South Korea’s Yoon Suk Yeol defiant after impeachment over martial law bid

“FIGHT TO THE END”

The prosecution activity was carried as at least 12 members of Yoon’s People Power Party joined the opposition parties, which control 192 votes in the 300-member regional council, clearing the two-thirds level needed.

The number of lawmakers supporting impeachment was 204, with 85 against, three abstentions and eight invalid ballots.

The ruling party’s chief executive Han Dong-hoon has resisted calls to resign after calling for impeachment as “inevitable normalization” as a result of the political crisis.

Yoon shocked the country on December 3 by granting the military sweeping emergency powers to defeat what he termed “anti-state forces” and defeat obstructionist political opponents.

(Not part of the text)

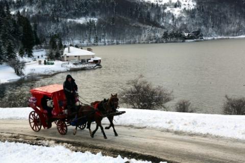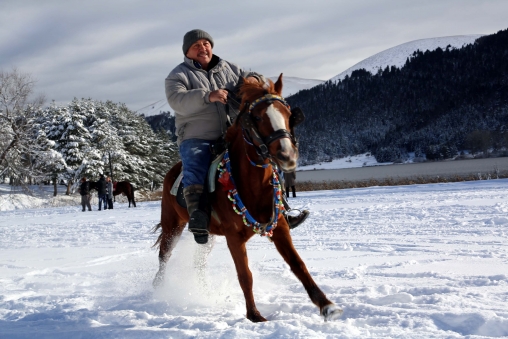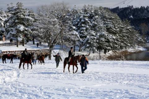 Kar yağışının ardından tatilcilerin akın ettiği Abant Tabiat Parkı çevresinde at ve faytonlarla gezi düzenleyerek para kazanan köylüler, kar sevincini yaşıyor.

After parliament defied the troops and police to reject the decree, he quickly withdrawn it six hours later. However, it caused the nation to go into a constitutional crisis and sparked widespread appeals for him to resign on the grounds that he had broken the law.

Yoon later apologised, but defended his choice, and he turned down calls for resignation.

Opposition parties launched the fresh impeachment vote, supported by large demonstrations.

Yoon is also facing a criminal investigation for allegedly inciting protests against the martial law declaration, and he has been prohibited from traveling abroad.

Yoon vowed to “fight to the end,” defending his martial law decree as needed to break political deadlock and shielding the nation from foreign politicians who he claimed were undermining democracy in yet another defiant speech on Thursday.